# vivarium glass cleaner help.



## bikesfred54 (Aug 16, 2008)

can any one please tell me what i can use to clean the glass on the inside of my viv.i know there is alot of glass cleaners out there but which one is safe.i keep a pair of beardies and just got a corn snake.:bash:


----------



## Natalie09 (Jul 15, 2008)

You can just use the cleaner you use for the viv. I use Beaclean and I use it on the windows too it works really well.


----------



## evilchild (Jul 3, 2008)

vinagar works well on glass.


----------



## Natalie09 (Jul 15, 2008)

evilchild said:


> vinagar works well on glass.


does it not leave s stink though? I know you can use vinegar for LOADS of stuff but the smell is awful!!:lol2:


----------



## Axel01 (Jun 14, 2008)

Yup, I use vinegar it gets rid of the white marks from the hard water.

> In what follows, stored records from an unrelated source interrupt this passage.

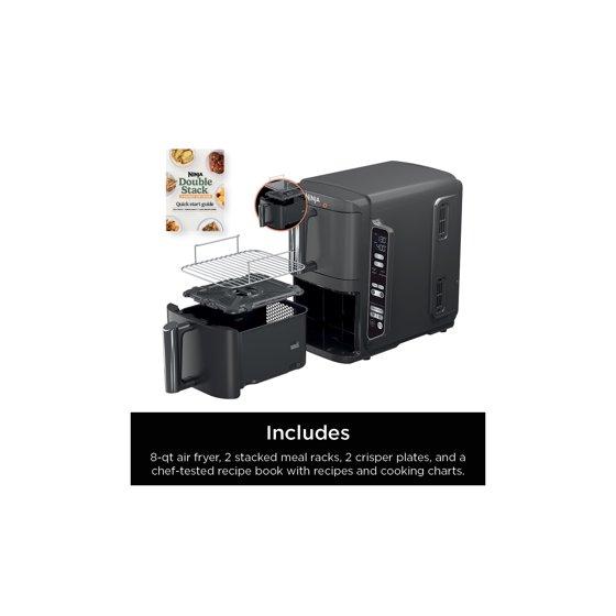 Ninja DoubleStack 4-in-1 8 Qt Air Fryer w/ Smart Finish, Space Saving, 2 Baskets, SL200 Black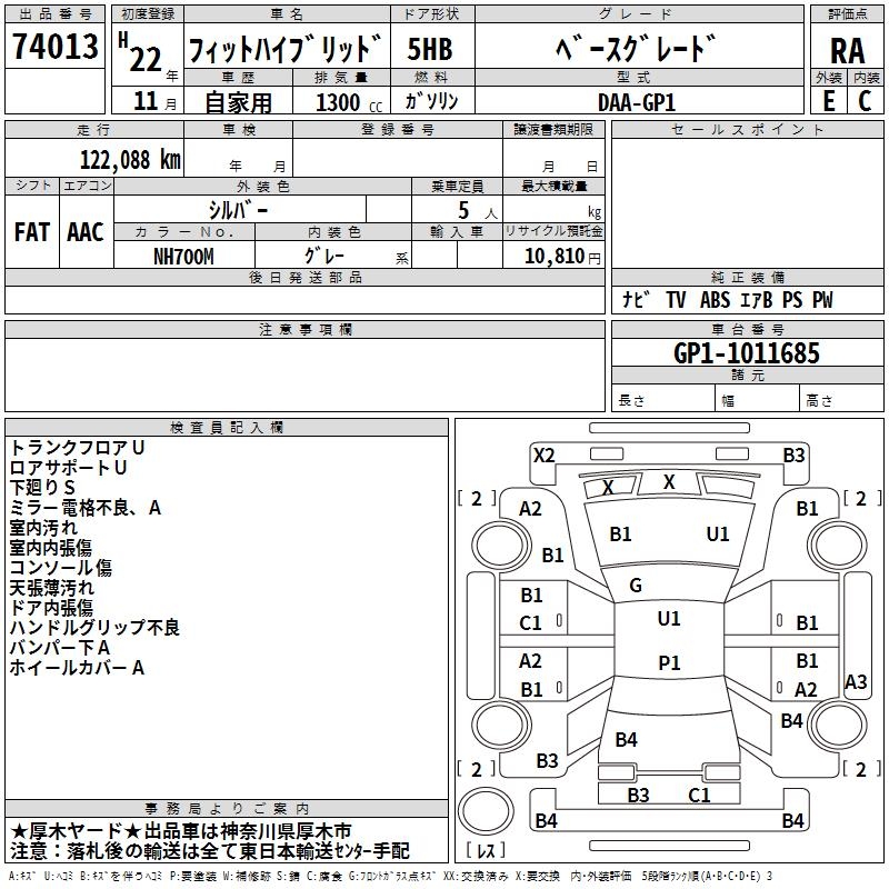 HONDA FIT HYBRID BASE GRADE - лот 74013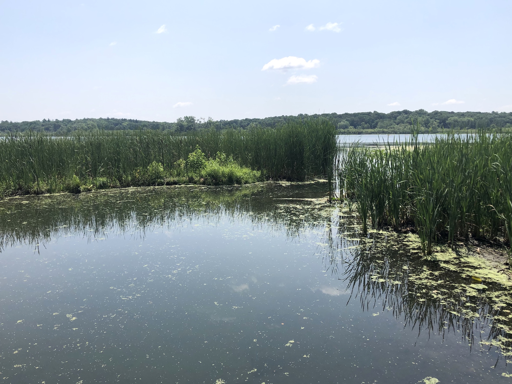 Above: Marion-Dunn Retaining Pond on July 23, 2019 (74°).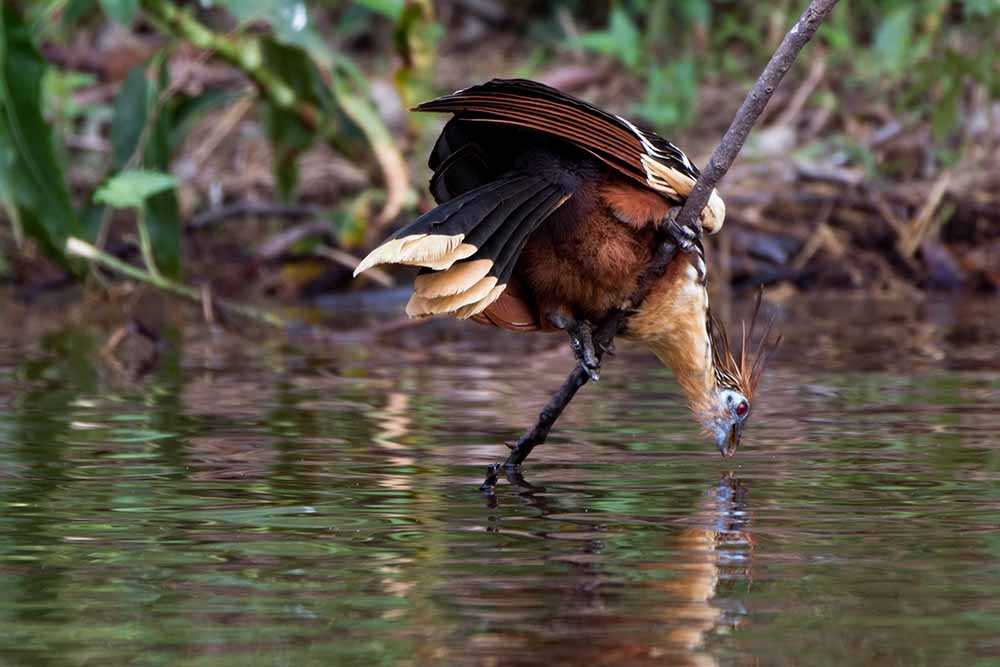 This morning we had breakfast in the jungle underneath the trees. It was amazing to be there surrounded by wildlife and the sounds of many types birds as we had breakfast. The highlights of this outing were many particularly the yellow macaws and a large flock of hoatzins. These birds literally covered an entire tree!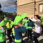 Ahir dilluns els nens i les nenes de 3rA i de 3rB vam poder celebrar el Carnaval a l’ escola. El pati es va omplir de colors: blanc, vermell, lila, blau, groc ,… i verd!!.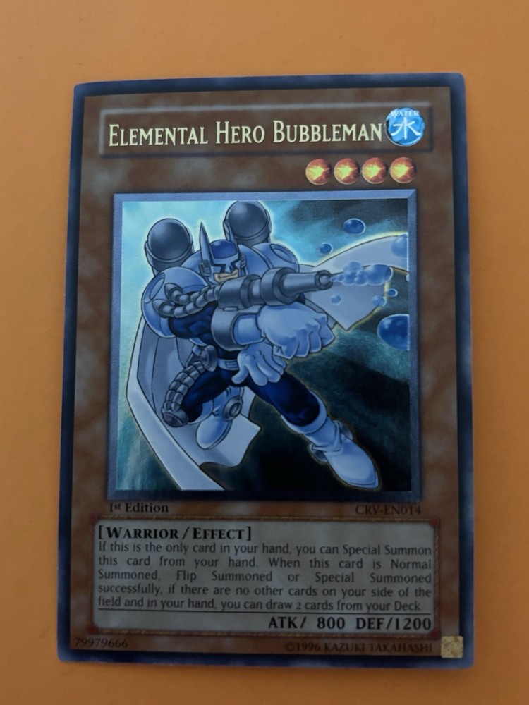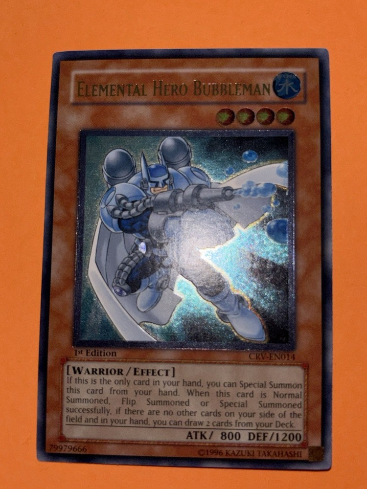 You are bidding on an Elemental Hero Bubbleman - CRV-EN014 - Ultimate Rare - 1st Edition NM Near Mint card. Bid with confidence. I have 100% feedback. Make an offer. I will not reject any offers, only accept them or counter them. And I respond quickly to offers! International buyers are welcome. Be sure to check out my other auctions. Happy Bidding!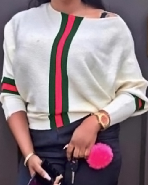 Euramerican Round Neck Striped Patchwork White Polyester Hoodies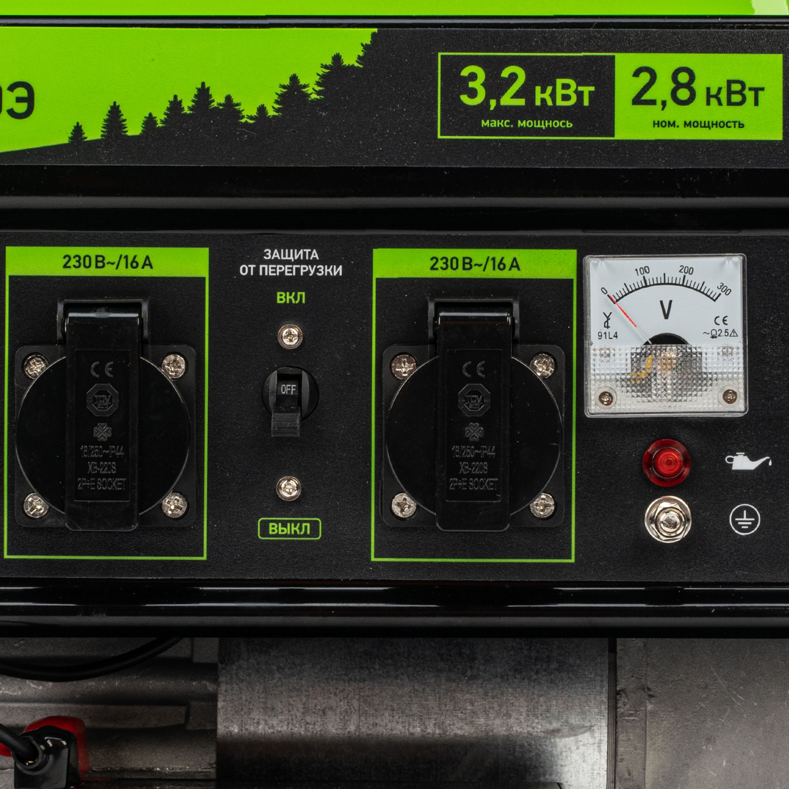 Бензиновый генератор Сибртех БС-3500Э 94538 выходной мощностью 3,2 кВт, с электростартером и баком объемом 15 л, поддерживает напряжение 230 В и предназначен для автономного электроснабжения в условиях отсутствия бытовой электросети. Для подключения потребителей предусмотрены 2 розетки 230 В/16 А. Автономный регулятор напряжения AVR позволяет подключать чувствительные приборы без риска их поломки. Генератор пригодится на дачном участке.
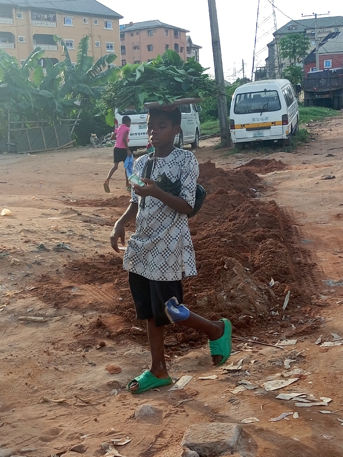 The scene is an unpaved, reddish-brown dirt road in Obosi, Nigeria, under natural daylight. A young individual, appearing to be a boy, is centrally positioned, walking left-to-right. They wear a light-colored, long-sleeved shirt with a checkered pattern, dark shorts, and mismatched slide sandals (green on the left foot, blue on the right). A circular tray piled with green leafy vegetables is balanced on their head. In their right hand, they hold several folded Nigerian naira notes, looking down at them. A dark satchel or bag is slung across their chest. To the left and slightly behind the main subject, another child in a pink shirt is visible, appearing to run. In the mid-ground, a long, irregular mound of excavated reddish-brown earth runs parallel to the road. Further back, two white vans are present; the closer one displays "MISSION" on its side, and the rear one has "MISSILARY" (likely a misspelling of "MISSIONARY") and a Nigerian license plate (EKJ-6950B). A dark utility truck is partially visible beyond the second van. The background includes multi-story residential buildings with various facades (yellow, light brown) and dense green foliage, including banana trees. A utility pole extends vertically on the right side of the frame. The ground shows tire tracks and scattered debris.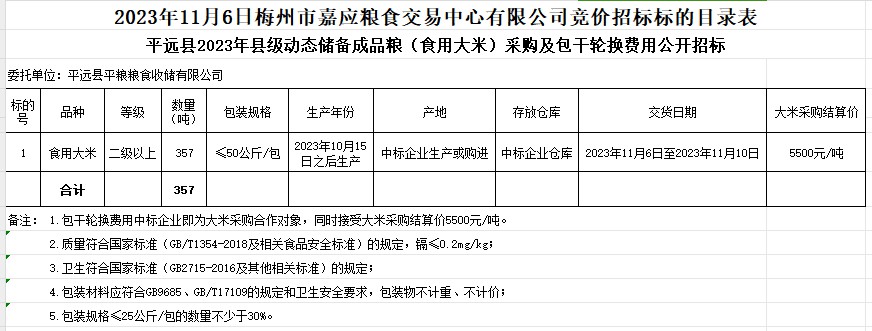 受客戶委托,梅州市嘉應(yīng)糧食交易中心有限公司定于2023年11月6日(星期一)上午10時(shí)在廣東省梅州市彬芳大道南161號(hào)梅州市糧食交易中心3樓,舉辦平遠(yuǎn)縣2023年縣級(jí)動(dòng)態(tài)儲(chǔ)備成品糧(食用大米)采購及包干輪換費(fèi)用公開招標(biāo)。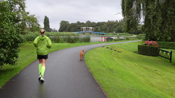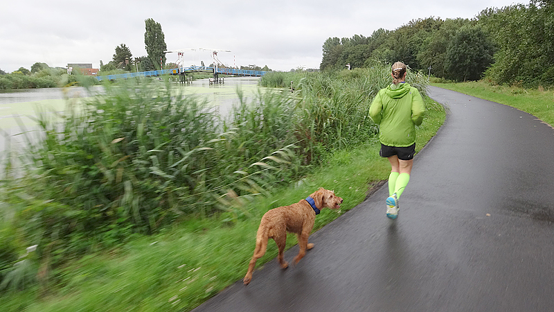 Al snel lopen we in de richting van de molenviergang. Een vervelend stuk weg dat schuin loopt dus even opletten qua benen en voeten en goed ademen op 2/3. Ik verbaas me er weer over hoe snel het allemaal voorbij gaat eigenlijk. Ik denk dat het toch wel uitmaakt dat mijn schema door de week fors is aangepast ten opzichte van vorig jaar. Toen liep ik eigenlijk vrij weinig door de week en dan zijn de langere afstanden ook een veel grotere ‘aanslag’ op het lichaam. Ik vind alleen de timing van de temporun zo vlak voor de lange run niet ideaal maar dat komt vooral doordat de temporun mijn zwakke punt is. Woef heeft het reuze naar haar zin. Ze rent op en neer en jaagt achter haasjes aan die zielig in de regen zitten te dommelen totdat zij aan komt stuiven. Kennelijk is madam totaal nog niet moe, dus we nemen haar in ieder geval de hele ronde rond het water nog mee. Het regent nog steeds en S is werkelijk zeiknat al. Later zal hij me opbiechten dat hij zich even afvroeg waarom hij eigenlijk mee moest. Nou ik ben er heel blij mee, en vind het ook super lief. Ik word verwend onderweg met een watertje, wat te eten, een sponsje en andere onzindingen die ik denk nodig te hebben. Overigens liep ik eergisteren op de temporun gewoon met mijn rugzak en dat gaat natuurlijk ook prima. Maar zo op de langere runs is het zo fijn en het is ook nog gezellig zo samen (enne… het is ook wel goed voor S. om lekker even te fietsen maar dat vertellen we er niet bij natuurlijk).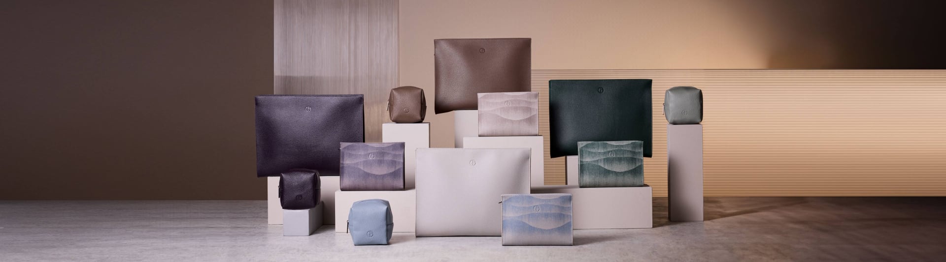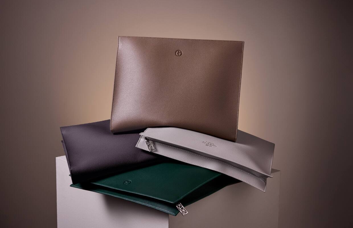In Business Class, collectible, co-branded amenity kits designed by Giorgio Armani come in two unisex styles – a cube and clutch.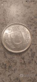 Vendo moneta originale da 5 Franchi Svizzeri anno 1969, zecca di Berna (B).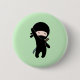 Lycklig tecknad ninja klädd i svart med arm upphöjt i väv. Traditionellt japanskt svärd katana kan ses fäst på axeln.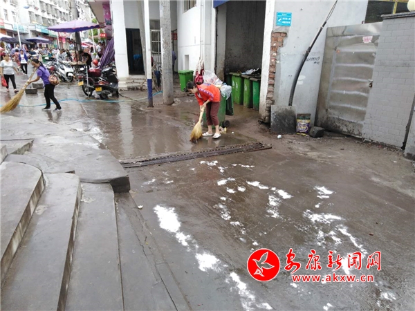 早上六點江北市場辦安排人員對學(xué)校周邊重要路口進行了值守,并組織人員用強堿對垃圾房周邊進行了清理,防止發(fā)生滑倒事件。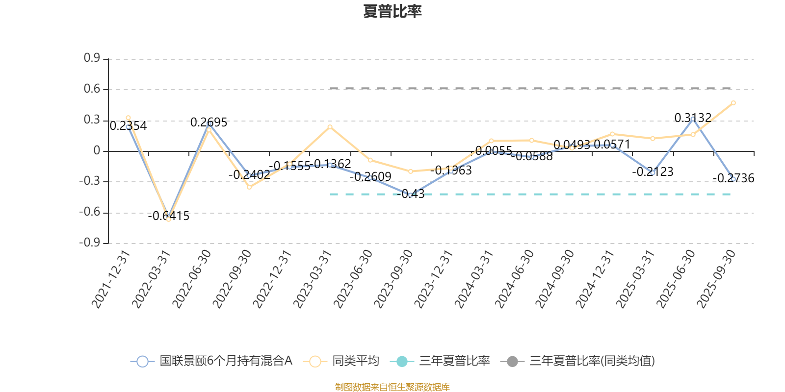 截至9月30日,基金近三年夏普比率为-0.4226,位于同类可比基金544/553。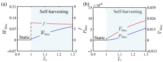 Figure 10 illustrate the effect of the LCE initial length on the LCE fiber–piezoelectric beam system, while the remaining parameters are fixed at , , , , , , , , . As the initial length of the LCE increases, both the amplitude and voltage show significant improvements. Figure 10a shows that during self-oscillation, the amplitude increases with the initial length of the LCE, while the self-oscillating frequency slightly decreases. Figure 10b demonstrates that the beam deformation grows with the increase in initial length, leading to a higher voltage output, and the power also rises accordingly, consistent with the trend described in Equation (45). Therefore, the net work performed in one cycle increases with the initial length of the LCE. When , the LCE–piezoelectric beam system is in the self-harvesting state; when , the system reaches a static state. To enhance light energy absorption, extending the initial length of the LCE fiber can improve the efficiency of converting light energy into electrical energy.

Use the white stuff not malt or your best wine.


----------



## evilchild (Jul 3, 2008)

Axel01 said:


> Yup, I use vinegar it gets rid of the white marks from the hard water.
> 
> Use the white stuff not malt or your best wine.


best wine i'm sure my bd will love that. lol


----------



## Elmodfz (Jan 18, 2008)

Vinegar huh.... I was wondering what I could use to get rid of limescale.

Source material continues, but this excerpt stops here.